### WHAT IS BEING ASKED
Scan the records below for the line containing "Ace Roto-Mold Poly" and the line containing "Enjoy a clean, relaxed". Copy both, plus every line between, exactly.

### DATA FOR REVIEW
═══
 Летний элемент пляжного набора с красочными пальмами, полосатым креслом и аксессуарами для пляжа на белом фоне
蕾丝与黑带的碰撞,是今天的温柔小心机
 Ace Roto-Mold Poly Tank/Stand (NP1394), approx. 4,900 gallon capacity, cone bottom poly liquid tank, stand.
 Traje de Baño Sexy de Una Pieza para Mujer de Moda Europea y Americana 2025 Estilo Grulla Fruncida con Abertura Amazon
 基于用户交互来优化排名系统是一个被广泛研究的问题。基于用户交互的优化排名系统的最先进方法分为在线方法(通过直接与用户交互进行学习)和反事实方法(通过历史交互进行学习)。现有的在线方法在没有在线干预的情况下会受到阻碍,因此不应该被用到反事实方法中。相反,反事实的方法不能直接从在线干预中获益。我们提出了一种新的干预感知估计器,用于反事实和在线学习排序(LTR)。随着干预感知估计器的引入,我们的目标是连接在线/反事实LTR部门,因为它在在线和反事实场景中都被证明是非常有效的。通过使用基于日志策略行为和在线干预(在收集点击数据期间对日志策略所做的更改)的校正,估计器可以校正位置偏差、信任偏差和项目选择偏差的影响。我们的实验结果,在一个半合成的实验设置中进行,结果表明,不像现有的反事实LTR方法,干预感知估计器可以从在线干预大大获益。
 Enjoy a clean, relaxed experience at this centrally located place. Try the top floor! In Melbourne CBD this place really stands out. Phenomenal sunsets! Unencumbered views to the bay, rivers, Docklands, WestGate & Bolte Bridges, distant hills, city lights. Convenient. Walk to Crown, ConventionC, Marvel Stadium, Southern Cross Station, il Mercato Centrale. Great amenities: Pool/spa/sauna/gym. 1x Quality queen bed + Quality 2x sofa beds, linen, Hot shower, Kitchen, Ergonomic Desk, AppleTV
═══
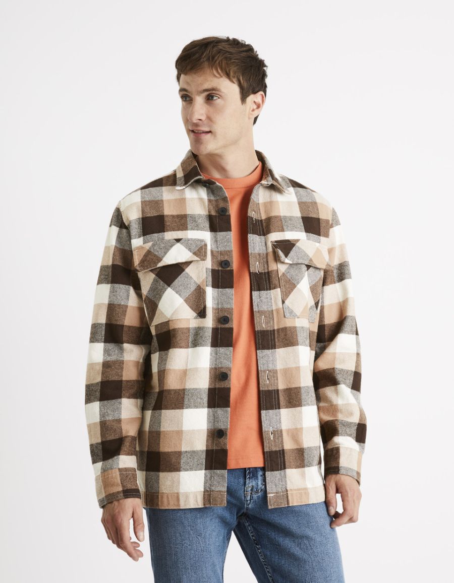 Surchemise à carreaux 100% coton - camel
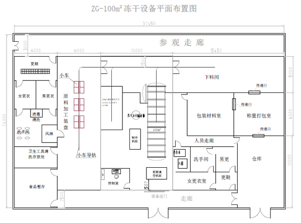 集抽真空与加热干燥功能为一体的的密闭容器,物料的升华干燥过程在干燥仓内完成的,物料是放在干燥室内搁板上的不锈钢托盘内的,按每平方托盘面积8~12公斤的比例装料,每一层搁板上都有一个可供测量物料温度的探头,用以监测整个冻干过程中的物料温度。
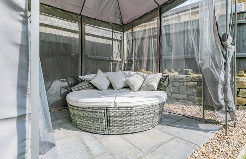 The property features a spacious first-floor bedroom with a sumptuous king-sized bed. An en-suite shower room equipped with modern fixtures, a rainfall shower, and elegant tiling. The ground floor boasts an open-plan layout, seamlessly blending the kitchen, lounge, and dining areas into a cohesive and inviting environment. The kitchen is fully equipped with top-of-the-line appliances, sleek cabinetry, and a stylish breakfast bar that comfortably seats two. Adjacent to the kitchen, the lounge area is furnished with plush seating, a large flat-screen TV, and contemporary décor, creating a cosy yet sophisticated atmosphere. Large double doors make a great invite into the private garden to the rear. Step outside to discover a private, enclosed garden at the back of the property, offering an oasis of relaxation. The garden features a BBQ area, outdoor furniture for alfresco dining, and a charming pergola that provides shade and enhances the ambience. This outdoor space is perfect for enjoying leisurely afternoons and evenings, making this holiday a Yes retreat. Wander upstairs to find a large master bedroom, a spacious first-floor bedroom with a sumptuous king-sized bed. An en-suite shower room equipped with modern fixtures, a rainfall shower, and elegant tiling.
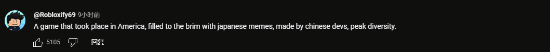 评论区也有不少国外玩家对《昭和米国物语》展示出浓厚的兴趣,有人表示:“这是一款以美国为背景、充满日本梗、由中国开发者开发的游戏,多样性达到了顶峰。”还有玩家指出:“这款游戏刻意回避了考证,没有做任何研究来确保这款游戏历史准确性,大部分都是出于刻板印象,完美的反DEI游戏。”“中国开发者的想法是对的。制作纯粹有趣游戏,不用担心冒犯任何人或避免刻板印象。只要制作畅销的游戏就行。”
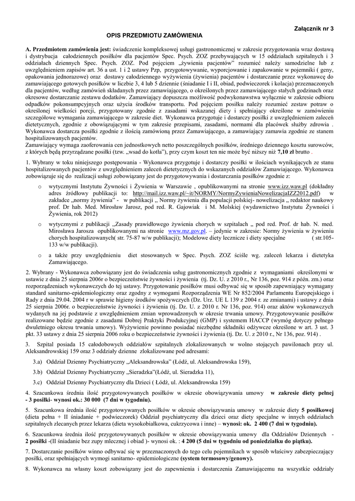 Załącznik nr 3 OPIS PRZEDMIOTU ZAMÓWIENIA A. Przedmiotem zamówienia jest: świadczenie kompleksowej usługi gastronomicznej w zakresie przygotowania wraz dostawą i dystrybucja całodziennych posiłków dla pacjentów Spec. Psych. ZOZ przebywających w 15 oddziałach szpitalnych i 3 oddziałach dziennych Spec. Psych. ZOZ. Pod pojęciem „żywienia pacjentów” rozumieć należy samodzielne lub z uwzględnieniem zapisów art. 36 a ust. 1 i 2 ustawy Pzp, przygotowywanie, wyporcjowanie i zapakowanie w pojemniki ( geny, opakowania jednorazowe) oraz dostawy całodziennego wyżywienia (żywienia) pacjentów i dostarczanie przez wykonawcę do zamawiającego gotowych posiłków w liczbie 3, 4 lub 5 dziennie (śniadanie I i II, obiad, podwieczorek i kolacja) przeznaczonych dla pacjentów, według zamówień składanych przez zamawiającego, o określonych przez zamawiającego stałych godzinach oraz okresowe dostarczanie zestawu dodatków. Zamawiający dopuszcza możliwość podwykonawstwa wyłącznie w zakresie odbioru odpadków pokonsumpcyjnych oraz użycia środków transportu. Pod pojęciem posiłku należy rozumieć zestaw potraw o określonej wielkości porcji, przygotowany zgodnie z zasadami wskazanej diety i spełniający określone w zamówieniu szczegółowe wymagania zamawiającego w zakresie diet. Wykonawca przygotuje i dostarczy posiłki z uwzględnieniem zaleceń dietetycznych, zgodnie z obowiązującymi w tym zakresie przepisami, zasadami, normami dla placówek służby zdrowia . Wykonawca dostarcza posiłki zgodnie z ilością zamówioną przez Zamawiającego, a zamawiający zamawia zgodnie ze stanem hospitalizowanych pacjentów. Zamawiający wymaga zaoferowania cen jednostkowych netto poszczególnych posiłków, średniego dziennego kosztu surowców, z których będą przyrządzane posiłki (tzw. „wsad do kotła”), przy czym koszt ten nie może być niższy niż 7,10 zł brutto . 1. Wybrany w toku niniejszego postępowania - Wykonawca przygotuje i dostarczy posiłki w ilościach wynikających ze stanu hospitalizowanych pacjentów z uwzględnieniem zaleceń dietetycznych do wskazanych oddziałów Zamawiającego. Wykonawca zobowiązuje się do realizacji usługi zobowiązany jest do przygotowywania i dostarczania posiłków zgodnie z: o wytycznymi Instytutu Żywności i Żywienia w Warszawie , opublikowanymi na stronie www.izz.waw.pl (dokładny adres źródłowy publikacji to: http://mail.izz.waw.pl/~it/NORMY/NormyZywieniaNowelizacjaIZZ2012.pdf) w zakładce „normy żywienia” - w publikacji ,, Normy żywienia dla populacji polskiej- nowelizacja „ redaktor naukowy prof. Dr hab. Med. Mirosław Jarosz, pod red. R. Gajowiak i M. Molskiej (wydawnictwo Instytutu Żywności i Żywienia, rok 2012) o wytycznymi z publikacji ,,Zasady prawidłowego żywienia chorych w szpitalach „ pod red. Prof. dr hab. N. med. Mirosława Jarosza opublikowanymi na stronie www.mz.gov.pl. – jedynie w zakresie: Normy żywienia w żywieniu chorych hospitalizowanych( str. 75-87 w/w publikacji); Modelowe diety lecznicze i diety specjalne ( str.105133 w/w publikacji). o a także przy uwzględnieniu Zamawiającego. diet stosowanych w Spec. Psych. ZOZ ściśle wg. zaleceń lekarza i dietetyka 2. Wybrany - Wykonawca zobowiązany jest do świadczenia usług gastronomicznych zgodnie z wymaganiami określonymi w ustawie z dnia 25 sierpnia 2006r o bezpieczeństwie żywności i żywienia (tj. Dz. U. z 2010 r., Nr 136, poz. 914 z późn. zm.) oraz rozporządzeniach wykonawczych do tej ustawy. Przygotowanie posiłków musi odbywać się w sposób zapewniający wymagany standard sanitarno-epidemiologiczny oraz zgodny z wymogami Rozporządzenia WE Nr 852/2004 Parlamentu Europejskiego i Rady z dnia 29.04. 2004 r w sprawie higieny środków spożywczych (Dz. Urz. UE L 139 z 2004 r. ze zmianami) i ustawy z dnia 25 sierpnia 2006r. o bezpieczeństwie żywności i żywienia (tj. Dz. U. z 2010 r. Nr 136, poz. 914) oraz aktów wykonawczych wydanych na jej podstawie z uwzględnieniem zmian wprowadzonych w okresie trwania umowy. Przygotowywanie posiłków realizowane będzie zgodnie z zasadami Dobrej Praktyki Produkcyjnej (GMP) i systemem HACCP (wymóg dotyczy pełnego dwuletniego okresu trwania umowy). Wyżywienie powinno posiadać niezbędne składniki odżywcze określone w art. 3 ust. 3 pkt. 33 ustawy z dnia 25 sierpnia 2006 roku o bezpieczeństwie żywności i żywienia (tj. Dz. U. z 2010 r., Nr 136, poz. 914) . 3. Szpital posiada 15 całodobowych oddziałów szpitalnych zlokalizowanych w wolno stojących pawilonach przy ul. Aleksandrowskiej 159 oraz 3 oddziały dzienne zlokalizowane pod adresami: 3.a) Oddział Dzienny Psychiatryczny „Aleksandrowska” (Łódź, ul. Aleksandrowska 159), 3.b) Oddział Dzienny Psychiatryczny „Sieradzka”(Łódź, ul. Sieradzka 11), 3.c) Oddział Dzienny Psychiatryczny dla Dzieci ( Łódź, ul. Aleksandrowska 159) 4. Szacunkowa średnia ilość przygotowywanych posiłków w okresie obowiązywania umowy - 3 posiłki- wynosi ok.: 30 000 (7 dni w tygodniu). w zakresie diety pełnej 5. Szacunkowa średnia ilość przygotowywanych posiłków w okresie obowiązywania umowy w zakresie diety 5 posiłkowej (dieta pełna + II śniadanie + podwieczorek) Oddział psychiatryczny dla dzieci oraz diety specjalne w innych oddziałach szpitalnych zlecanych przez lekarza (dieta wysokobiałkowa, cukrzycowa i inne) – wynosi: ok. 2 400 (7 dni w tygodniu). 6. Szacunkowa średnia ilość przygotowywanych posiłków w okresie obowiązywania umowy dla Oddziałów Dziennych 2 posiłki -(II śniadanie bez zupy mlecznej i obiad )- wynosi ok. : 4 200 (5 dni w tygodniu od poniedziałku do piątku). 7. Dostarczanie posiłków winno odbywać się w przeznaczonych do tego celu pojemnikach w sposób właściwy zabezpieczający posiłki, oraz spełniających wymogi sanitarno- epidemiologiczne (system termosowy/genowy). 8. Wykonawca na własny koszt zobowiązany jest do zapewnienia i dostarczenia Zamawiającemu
═══
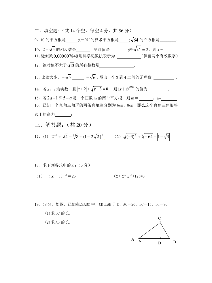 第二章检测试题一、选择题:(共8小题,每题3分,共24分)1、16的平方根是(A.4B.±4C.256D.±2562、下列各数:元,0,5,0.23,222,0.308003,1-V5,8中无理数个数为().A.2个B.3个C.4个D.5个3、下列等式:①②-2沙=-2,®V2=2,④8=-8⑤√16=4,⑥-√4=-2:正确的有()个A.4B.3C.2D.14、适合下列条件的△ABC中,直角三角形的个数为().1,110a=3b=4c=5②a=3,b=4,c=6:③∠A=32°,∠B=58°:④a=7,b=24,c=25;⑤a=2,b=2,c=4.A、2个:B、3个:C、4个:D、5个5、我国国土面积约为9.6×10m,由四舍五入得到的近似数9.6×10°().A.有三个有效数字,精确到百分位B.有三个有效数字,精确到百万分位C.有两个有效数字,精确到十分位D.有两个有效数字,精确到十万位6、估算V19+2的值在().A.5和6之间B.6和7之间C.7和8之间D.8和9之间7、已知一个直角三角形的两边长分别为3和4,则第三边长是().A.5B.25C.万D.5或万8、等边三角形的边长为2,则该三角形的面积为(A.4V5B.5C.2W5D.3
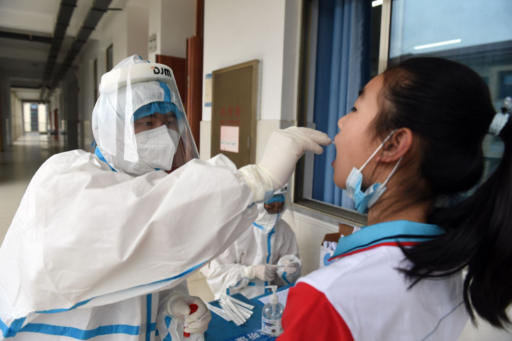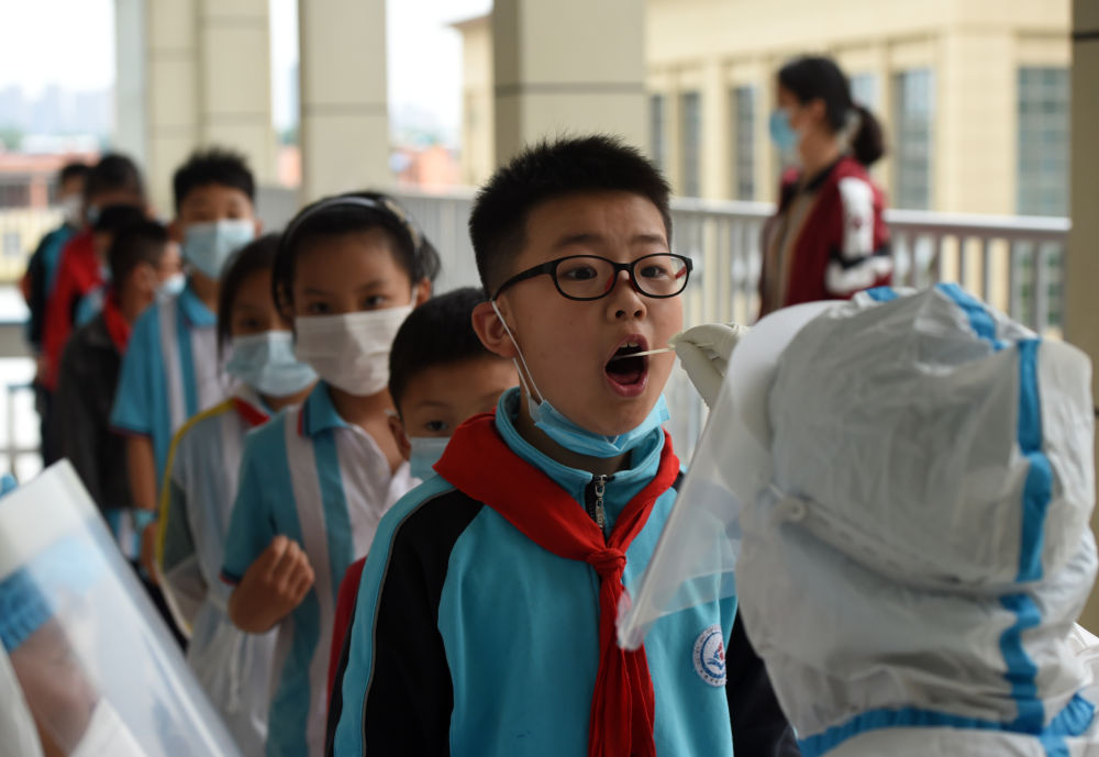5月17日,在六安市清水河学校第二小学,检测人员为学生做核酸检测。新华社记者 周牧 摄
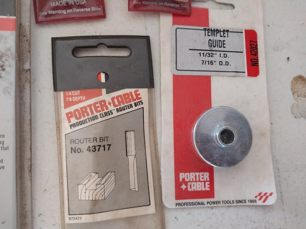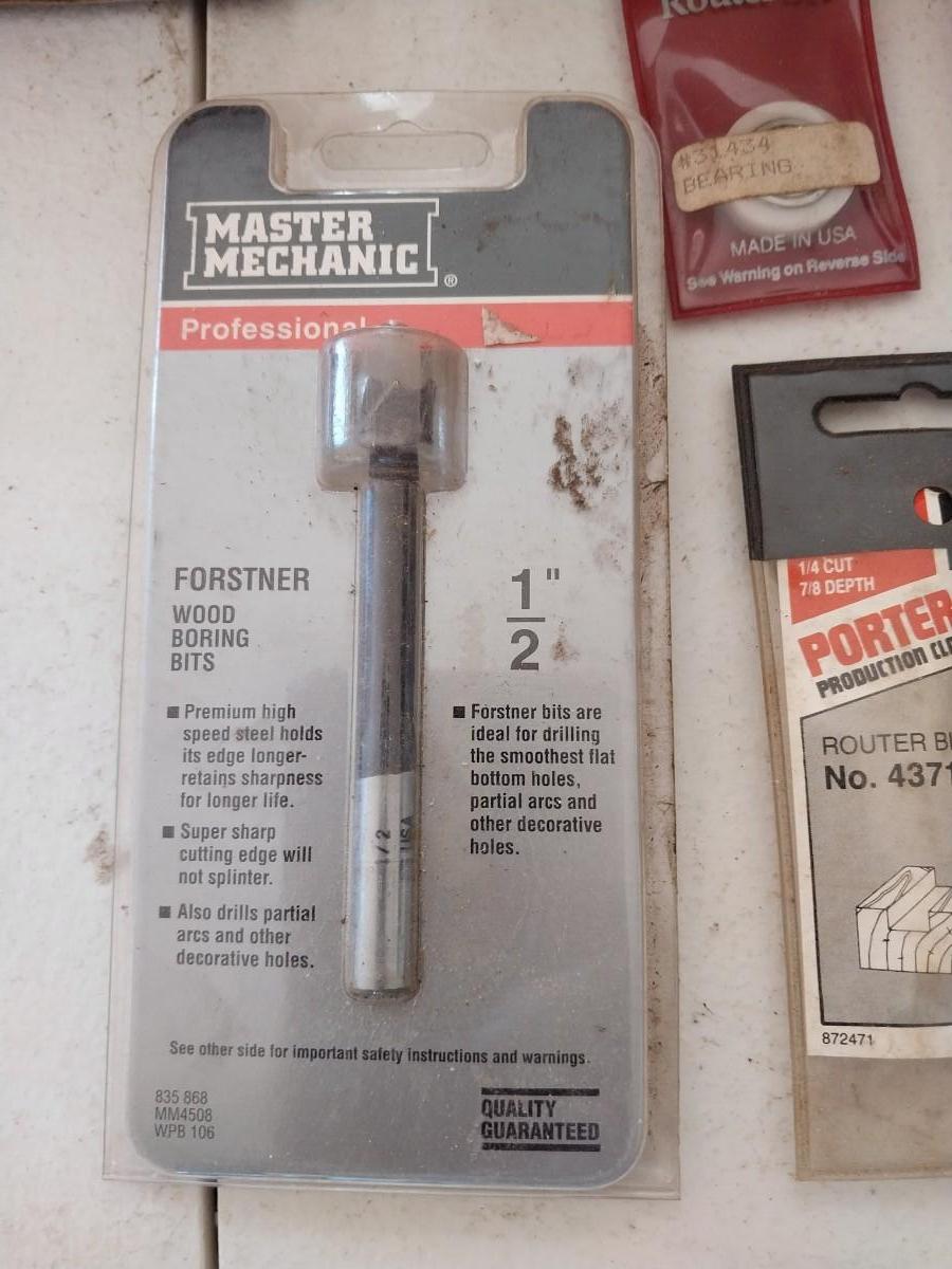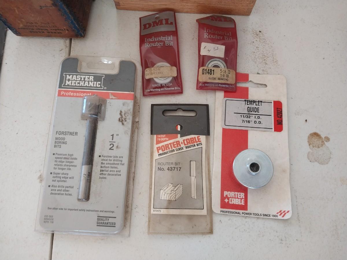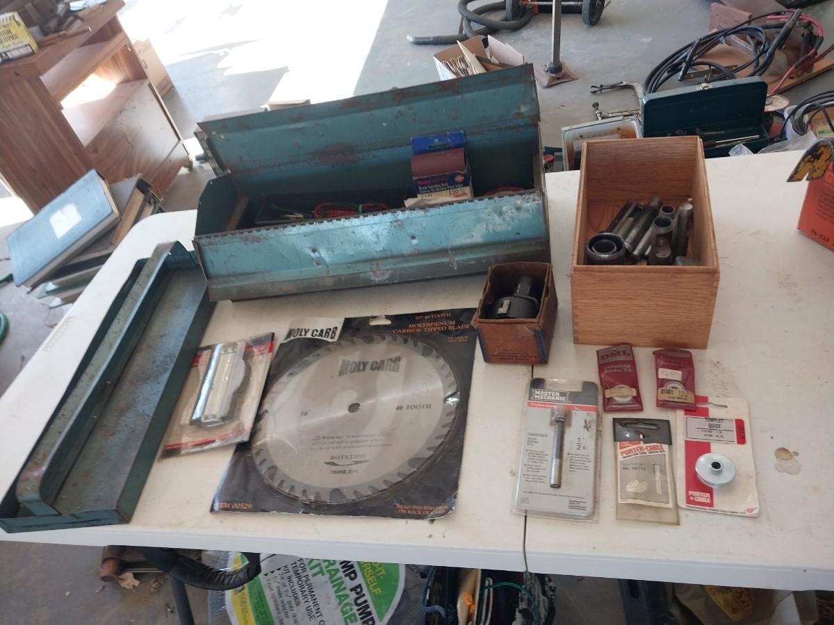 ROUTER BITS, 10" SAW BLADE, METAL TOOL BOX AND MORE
═══
### RESPONSE
 Ace Roto-Mold Poly Tank/Stand (NP1394), approx. 4,900 gallon capacity, cone bottom poly liquid tank, stand.
 Traje de Baño Sexy de Una Pieza para Mujer de Moda Europea y Americana 2025 Estilo Grulla Fruncida con Abertura Amazon
 基于用户交互来优化排名系统是一个被广泛研究的问题。基于用户交互的优化排名系统的最先进方法分为在线方法(通过直接与用户交互进行学习)和反事实方法(通过历史交互进行学习)。现有的在线方法在没有在线干预的情况下会受到阻碍,因此不应该被用到反事实方法中。相反,反事实的方法不能直接从在线干预中获益。我们提出了一种新的干预感知估计器,用于反事实和在线学习排序(LTR)。随着干预感知估计器的引入,我们的目标是连接在线/反事实LTR部门,因为它在在线和反事实场景中都被证明是非常有效的。通过使用基于日志策略行为和在线干预(在收集点击数据期间对日志策略所做的更改)的校正,估计器可以校正位置偏差、信任偏差和项目选择偏差的影响。我们的实验结果,在一个半合成的实验设置中进行,结果表明,不像现有的反事实LTR方法,干预感知估计器可以从在线干预大大获益。
 Enjoy a clean, relaxed experience at this centrally located place. Try the top floor! In Melbourne CBD this place really stands out. Phenomenal sunsets! Unencumbered views to the bay, rivers, Docklands, WestGate & Bolte Bridges, distant hills, city lights. Convenient. Walk to Crown, ConventionC, Marvel Stadium, Southern Cross Station, il Mercato Centrale. Great amenities: Pool/spa/sauna/gym. 1x Quality queen bed + Quality 2x sofa beds, linen, Hot shower, Kitchen, Ergonomic Desk, AppleTV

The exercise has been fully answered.